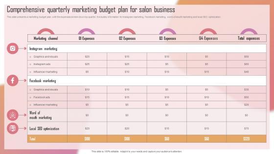 This slide presents a marketing budget plan with the expenses broken down by quarter. It includes information for Instagram marketing, Facebook marketing, word-of-mouth marketing and local SEO optimization. Take your projects to the next level with our ultimate collection of Customizing The Salon Experience Comprehensive Quarterly Marketing Budget Plan Strategy SS V. Slidegeeks has designed a range of layouts that are perfect for representing task or activity duration, keeping track of all your deadlines at a glance. Tailor these designs to your exact needs and give them a truly corporate look with your own brand colors they will make your projects stand out from the rest This slide presents a marketing budget plan with the expenses broken down by quarter. It includes information for Instagram marketing, Facebook marketing, word-of-mouth marketing and local SEO optimization.
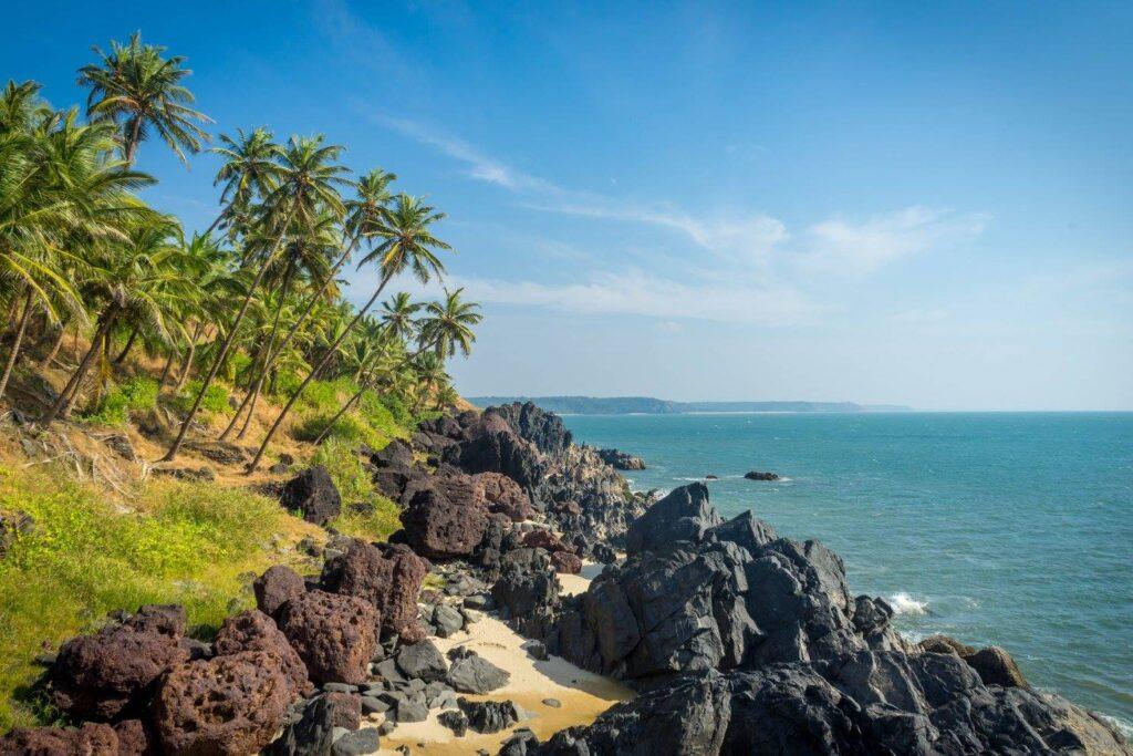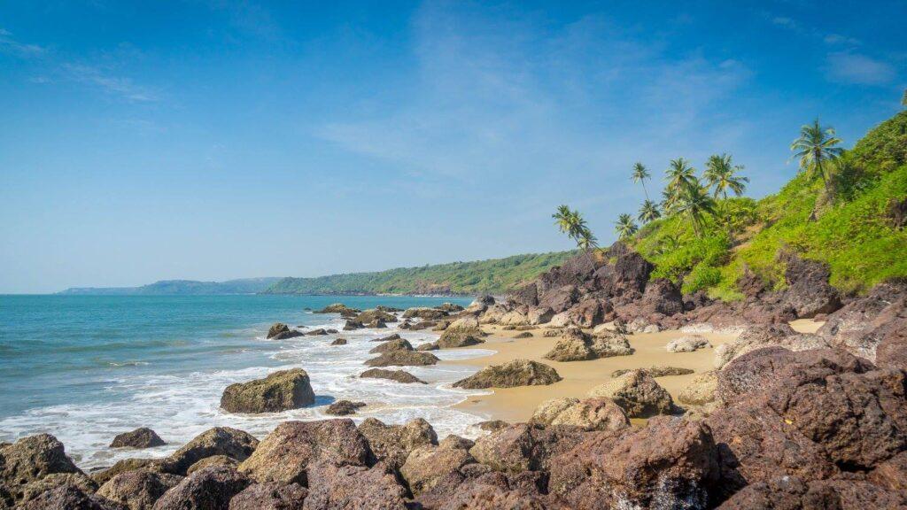 Khavane beach has an idyllic setting & is further enhanced by land locking on two sides, and a temple on the hillock, just next to the beach.
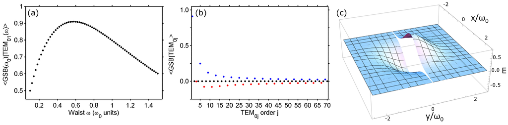 Interferometric precision is more and more demanding as the central frequency of the signal increases. In particular, interferograms in the XUV-domain [15] require highly stable experimental arrangements (for instance, the wavelength of H21, the 21st harmonic order of a 800-nm laser, is about 38nm). In TSI, the reference beam is used to heterodyne the signal, id est, the signal is transferred to a lower frequency. Recently, several TSI schemes were developed using amplitude division [15,16,17,18] and wave-front division [1,19]. All-transmissive schemes are more adapted to this kind of experiment than a Michelson or Mach–Zehnder interferometer, since they intrinsically offer higher stability. In a recent paper [20], TSI was implemented to determine the amount of orbital angular momentum carried by HHG using diffractive optical element (DOE) beam splitting [21]. In [14], we instead based our two source setup on the spatial mode conversion of the driving laser beam. In the absence of a chirp-pulse amplification (CPA) digital laser [22] providing on-demand mode femtosecond pulses, we used a 0-π phase plate to implement the mode conversion [23,24,25,26]. As shown in Figure 2a, we computed the overlap integral between the Gaussian phase-plate-shaped beam (GSB; see Figure 2c) of waist and a TEM01 mode. Both electric fields are considered collimated. We find that a maximum of 90.94% of the input Gaussian beam is converted into the TEM01 mode of waist . This value is slightly smaller than the 93% reported in [26], but still rather close. This conversion rate could be improved by using a cylindrical lens to adjust the waist of the transmitted beam in the direction orthogonal to the 0-π step. In Figure 2b, we show the overlap integral between the GSB and higher TEM0i modes with waist . As expected, the overlap integral with TEM02i modes is zero, while TEM04j+1 and TEM04j+3 contribute with opposite signs and a decreasing amplitude as j increases. These higher order contributions are revealed at the focus of a lens as diffraction peaks in the surroundings of the two bright spots of interest. However, the intensity in these undesired diffraction patterns is not strong enough to induce the HHG non-linear non-perturbative process (see [14]).
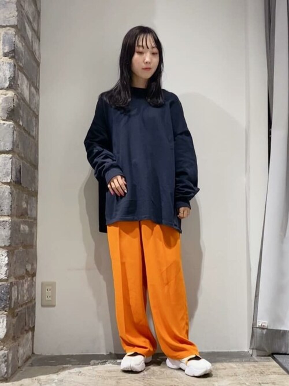 全体的に体のラインを拾わないコーデですが カラーパンツでアクセントをつけました。 パンツは接触冷感のお素材で夏まで活躍してくれるアイテムです。
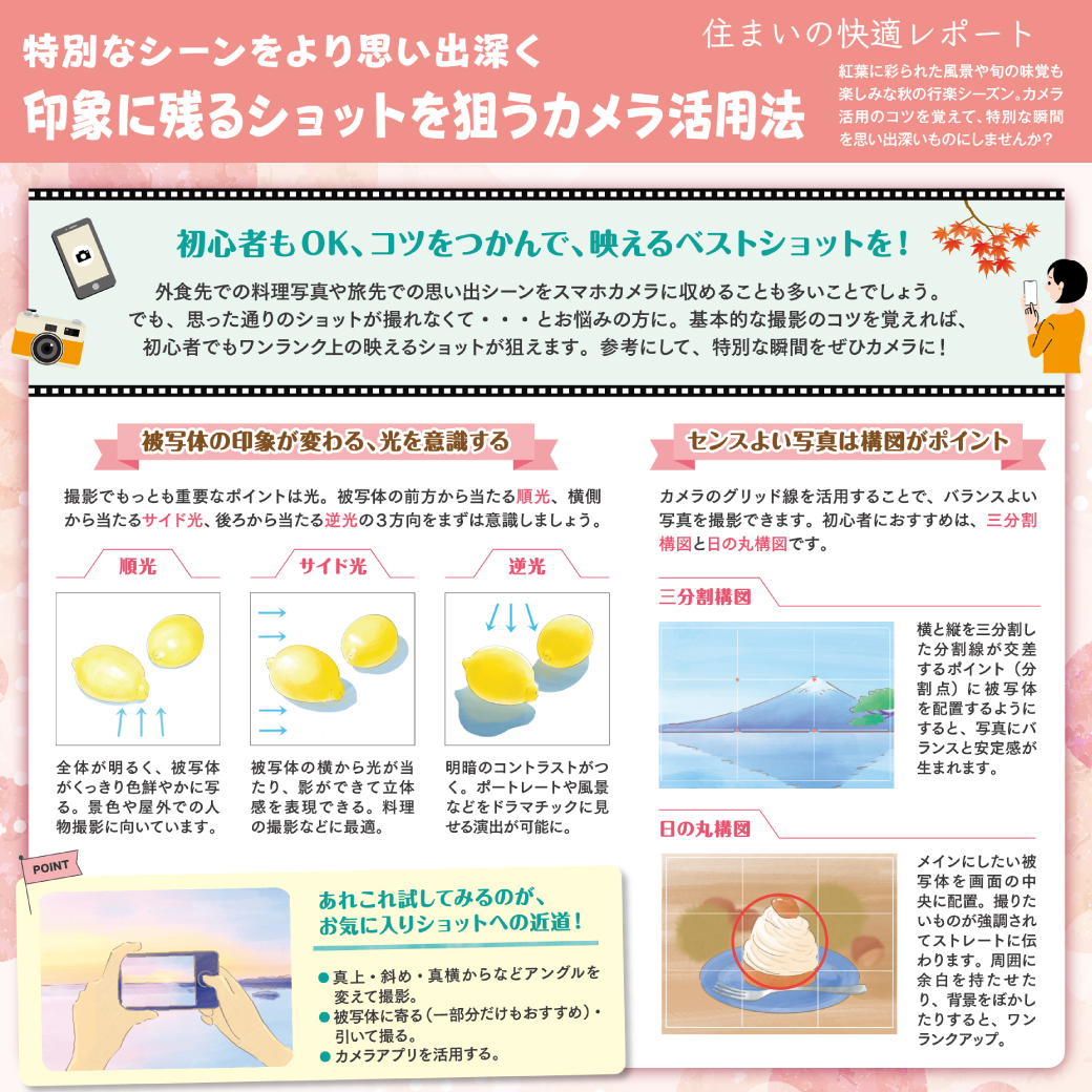 〈住まいの快適レポート〉印象に残るショットを狙うカメラ活用法 お知らせ 2025/09/22 厳しい夏が過ぎ、行楽シーズン到来!せっかくの特別な瞬間、スマホカメラのコツを覚えてベストショットをおさめてみませんか?
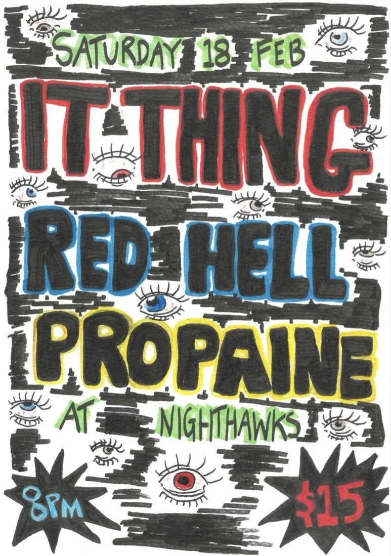 **MEN’S HEALTH CLUB TO REPLACE RED HELL** It Thing return to naarm (hopefully for good) this february for an evening at Nighthawks with Red Hell & Propaine . $15 on the door only so don’t fumble!
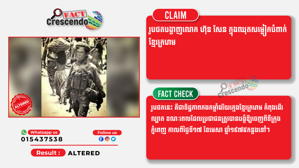 Fact Crescendo Cambodia រកឃើញថារូបថត និងការលើកឡើងដោយអ្នកប្រើប្រាស់ហ្វេសប៊ុកខាងលើនោះ គឺពិតជាមិនត្រឹមត្រូវនោះឡើយ។ ច្បាប់ដើមនៃរូបថតនេះ គឺជាទិដ្ឋភាពកងកម្លាំងវ័យក្មេងខ្មែរក្រហម កំពុងដើរល្បាត ខណៈពេលដែលប្រជាជនត្រូវបានបង្ខំឱ្យចេញពីទីក្រុងភ្នំពេញ កាលពីថ្ងៃទី១៧ ខែមេសា ឆ្នាំ១៩៧៥កន្លងទៅ។
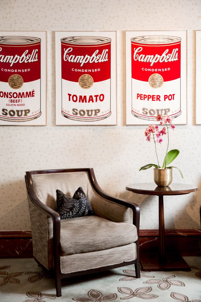 En el vestíbulo se exhiben diez obras de la serie Campbell’s Soup, de Warhol, mientras en el Gotham Lounge hay 10 retratos monumentales del artista dedicados a Mao. De Basquiat se muestra una obra sin título, y de Barbara Kruger, Your Pleasure is Spasmodic and Short Lived. La obra de Keith Haring incluye un cuadro mayúsculo sin título, dos variantes de Subway Drawing y Totem, en tanto que de Francesco Clemente hay un retrato de Andy Warhol.
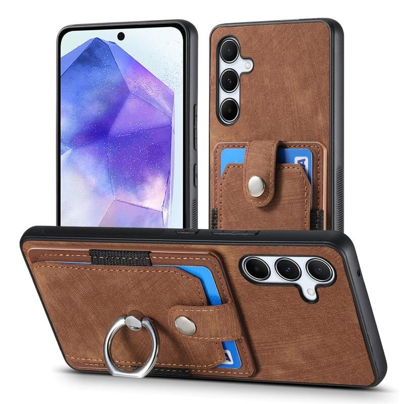 Για Sumsung Galaxy A55 5G Ρετρό δέρμα αίσθηση δαχτυλίδι κάρτα πορτοφόλι υπόθεση τηλεφώνου (καφέ)
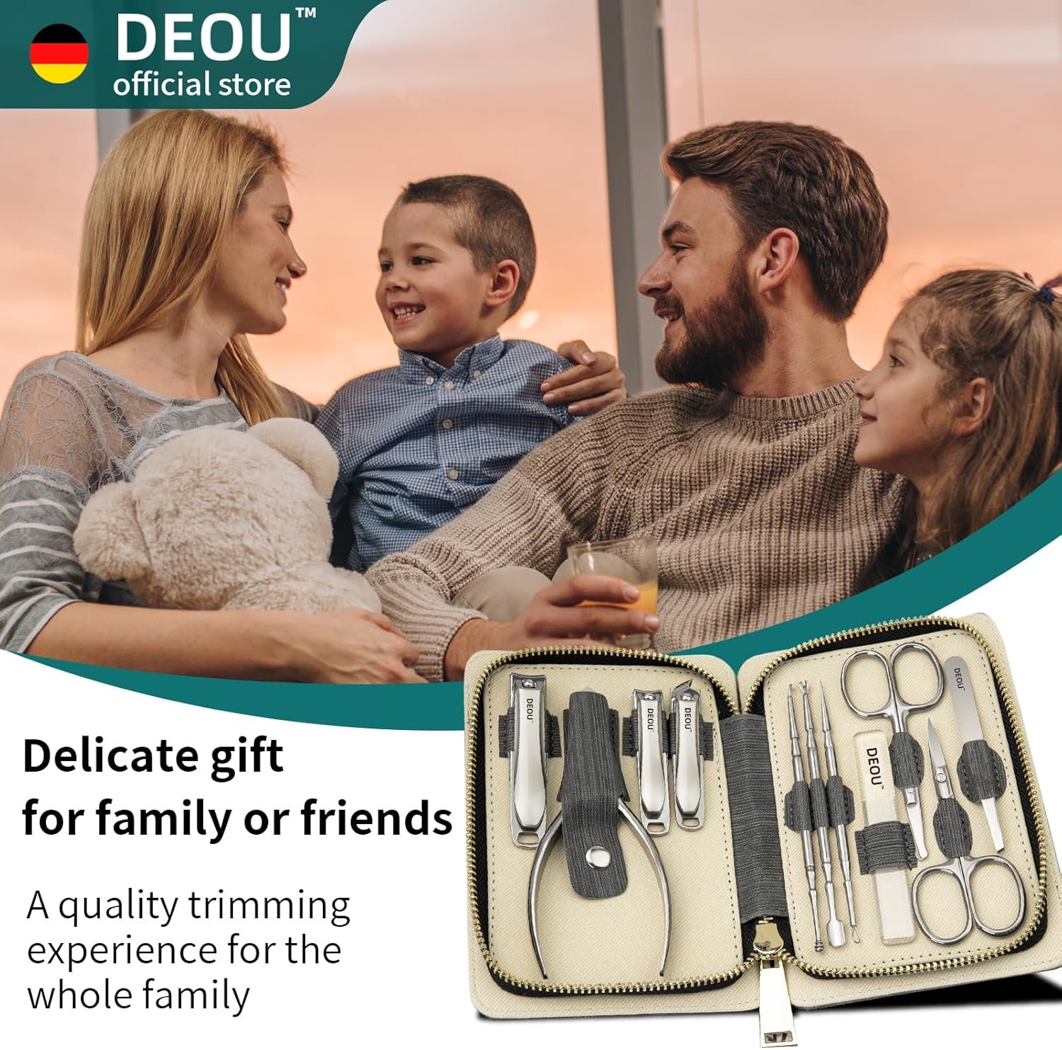 DEOU Manicure Sets Nail Clippers Stainless Steel Manicure and Pedicure kit Girls Professional Nail Files and Men’s Grooming Scissors Tools for Home Personal Care or Gifts (Pink)
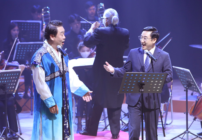 이동진 서울 도봉구청장이 지난 6일 도봉구민회관 재개관을 기념해 열린 '만추의 서정, 간송음악회'에 참석해 구민들과 공연을 관람하고, 공연자들과 함께 기념 축하 공연을 선보였다. 간송음악회는 도봉의 대표 역사인물이자, 문화재 수호자 간송 전형필 선생의 뜻을 기리고자 매년 봄과 가을 간송옛집에서 개최해온 행사이다. 사진은 이 구청장(오른쪽)이 공연을 선보이는 모습. (사진제공=도봉구청)
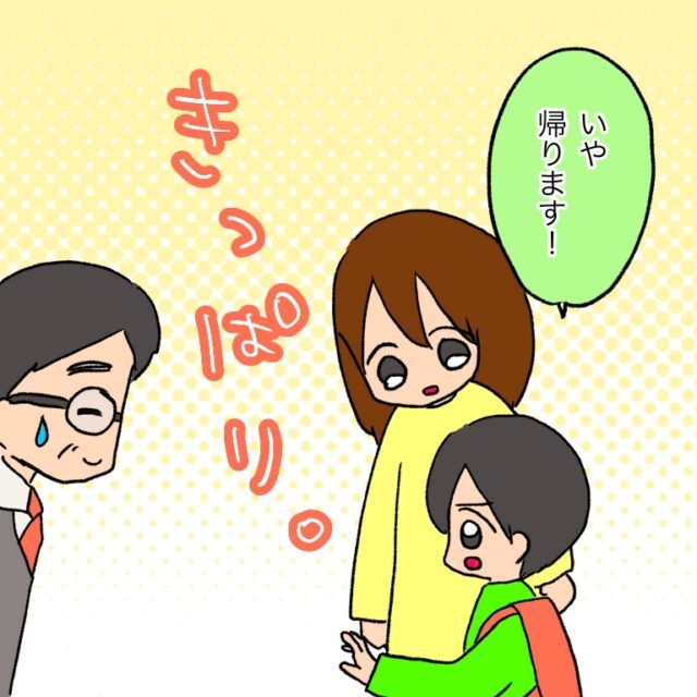 [2]「いや帰ります!」校長先生にも動じない意志の強さにタジタジ(汗)遠足に行かない息子|メイの育児漫画
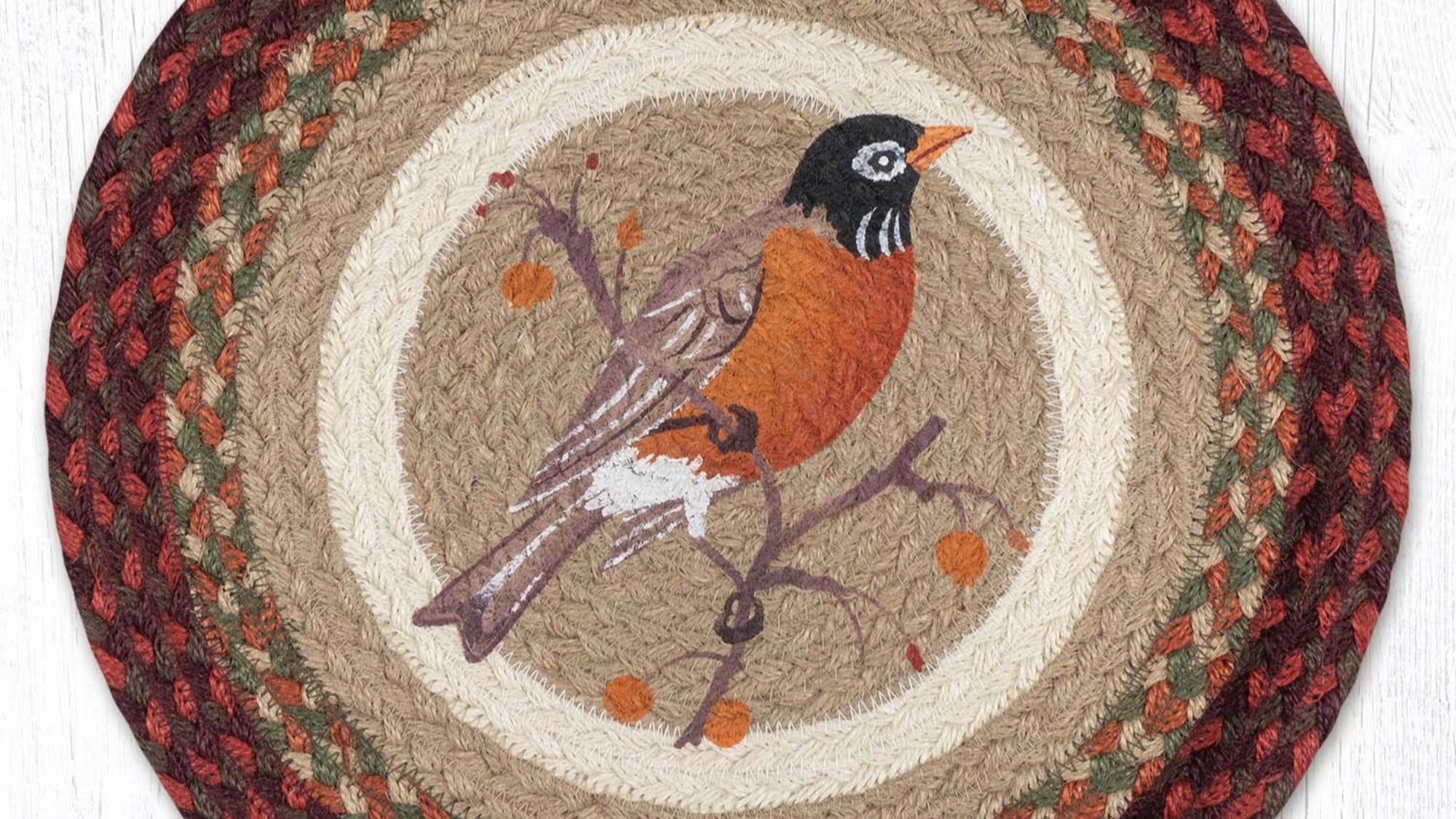 Earth Rugs Robin Print Round Placemat – Rustic Cabin Style Dining 15”
★ ★ ★ ★
= EXERCISE DETAILS =
Please give back the data above word for word, with no pictures included.

= EXERCISE RESPONSE =
 This slide presents a marketing budget plan with the expenses broken down by quarter. It includes information for Instagram marketing, Facebook marketing, word-of-mouth marketing and local SEO optimization. Take your projects to the next level with our ultimate collection of Customizing The Salon Experience Comprehensive Quarterly Marketing Budget Plan Strategy SS V. Slidegeeks has designed a range of layouts that are perfect for representing task or activity duration, keeping track of all your deadlines at a glance. Tailor these designs to your exact needs and give them a truly corporate look with your own brand colors they will make your projects stand out from the rest This slide presents a marketing budget plan with the expenses broken down by quarter. It includes information for Instagram marketing, Facebook marketing, word-of-mouth marketing and local SEO optimization.
 Khavane beach has an idyllic setting & is further enhanced by land locking on two sides, and a temple on the hillock, just next to the beach.
 Interferometric precision is more and more demanding as the central frequency of the signal increases. In particular, interferograms in the XUV-domain [15] require highly stable experimental arrangements (for instance, the wavelength of H21, the 21st harmonic order of a 800-nm laser, is about 38nm). In TSI, the reference beam is used to heterodyne the signal, id est, the signal is transferred to a lower frequency. Recently, several TSI schemes were developed using amplitude division [15,16,17,18] and wave-front division [1,19]. All-transmissive schemes are more adapted to this kind of experiment than a Michelson or Mach–Zehnder interferometer, since they intrinsically offer higher stability. In a recent paper [20], TSI was implemented to determine the amount of orbital angular momentum carried by HHG using diffractive optical element (DOE) beam splitting [21]. In [14], we instead based our two source setup on the spatial mode conversion of the driving laser beam. In the absence of a chirp-pulse amplification (CPA) digital laser [22] providing on-demand mode femtosecond pulses, we used a 0-π phase plate to implement the mode conversion [23,24,25,26]. As shown in Figure 2a, we computed the overlap integral between the Gaussian phase-plate-shaped beam (GSB; see Figure 2c) of waist and a TEM01 mode. Both electric fields are considered collimated. We find that a maximum of 90.94% of the input Gaussian beam is converted into the TEM01 mode of waist . This value is slightly smaller than the 93% reported in [26], but still rather close. This conversion rate could be improved by using a cylindrical lens to adjust the waist of the transmitted beam in the direction orthogonal to the 0-π step. In Figure 2b, we show the overlap integral between the GSB and higher TEM0i modes with waist . As expected, the overlap integral with TEM02i modes is zero, while TEM04j+1 and TEM04j+3 contribute with opposite signs and a decreasing amplitude as j increases. These higher order contributions are revealed at the focus of a lens as diffraction peaks in the surroundings of the two bright spots of interest. However, the intensity in these undesired diffraction patterns is not strong enough to induce the HHG non-linear non-perturbative process (see [14]).
 全体的に体のラインを拾わないコーデですが カラーパンツでアクセントをつけました。 パンツは接触冷感のお素材で夏まで活躍してくれるアイテムです。
 〈住まいの快適レポート〉印象に残るショットを狙うカメラ活用法 お知らせ 2025/09/22 厳しい夏が過ぎ、行楽シーズン到来!せっかくの特別な瞬間、スマホカメラのコツを覚えてベストショットをおさめてみませんか?
 **MEN’S HEALTH CLUB TO REPLACE RED HELL** It Thing return to naarm (hopefully for good) this february for an evening at Nighthawks with Red Hell & Propaine . $15 on the door only so don’t fumble!
 Fact Crescendo Cambodia រកឃើញថារូបថត និងការលើកឡើងដោយអ្នកប្រើប្រាស់ហ្វេសប៊ុកខាងលើនោះ គឺពិតជាមិនត្រឹមត្រូវនោះឡើយ។ ច្បាប់ដើមនៃរូបថតនេះ គឺជាទិដ្ឋភាពកងកម្លាំងវ័យក្មេងខ្មែរក្រហម កំពុងដើរល្បាត ខណៈពេលដែលប្រជាជនត្រូវបានបង្ខំឱ្យចេញពីទីក្រុងភ្នំពេញ កាលពីថ្ងៃទី១៧ ខែមេសា ឆ្នាំ១៩៧៥កន្លងទៅ។
 En el vestíbulo se exhiben diez obras de la serie Campbell’s Soup, de Warhol, mientras en el Gotham Lounge hay 10 retratos monumentales del artista dedicados a Mao. De Basquiat se muestra una obra sin título, y de Barbara Kruger, Your Pleasure is Spasmodic and Short Lived. La obra de Keith Haring incluye un cuadro mayúsculo sin título, dos variantes de Subway Drawing y Totem, en tanto que de Francesco Clemente hay un retrato de Andy Warhol.
 Για Sumsung Galaxy A55 5G Ρετρό δέρμα αίσθηση δαχτυλίδι κάρτα πορτοφόλι υπόθεση τηλεφώνου (καφέ)
 DEOU Manicure Sets Nail Clippers Stainless Steel Manicure and Pedicure kit Girls Professional Nail Files and Men’s Grooming Scissors Tools for Home Personal Care or Gifts (Pink)
 이동진 서울 도봉구청장이 지난 6일 도봉구민회관 재개관을 기념해 열린 '만추의 서정, 간송음악회'에 참석해 구민들과 공연을 관람하고, 공연자들과 함께 기념 축하 공연을 선보였다. 간송음악회는 도봉의 대표 역사인물이자, 문화재 수호자 간송 전형필 선생의 뜻을 기리고자 매년 봄과 가을 간송옛집에서 개최해온 행사이다. 사진은 이 구청장(오른쪽)이 공연을 선보이는 모습. (사진제공=도봉구청)
 [2]「いや帰ります!」校長先生にも動じない意志の強さにタジタジ(汗)遠足に行かない息子|メイの育児漫画
 Earth Rugs Robin Print Round Placemat – Rustic Cabin Style Dining 15”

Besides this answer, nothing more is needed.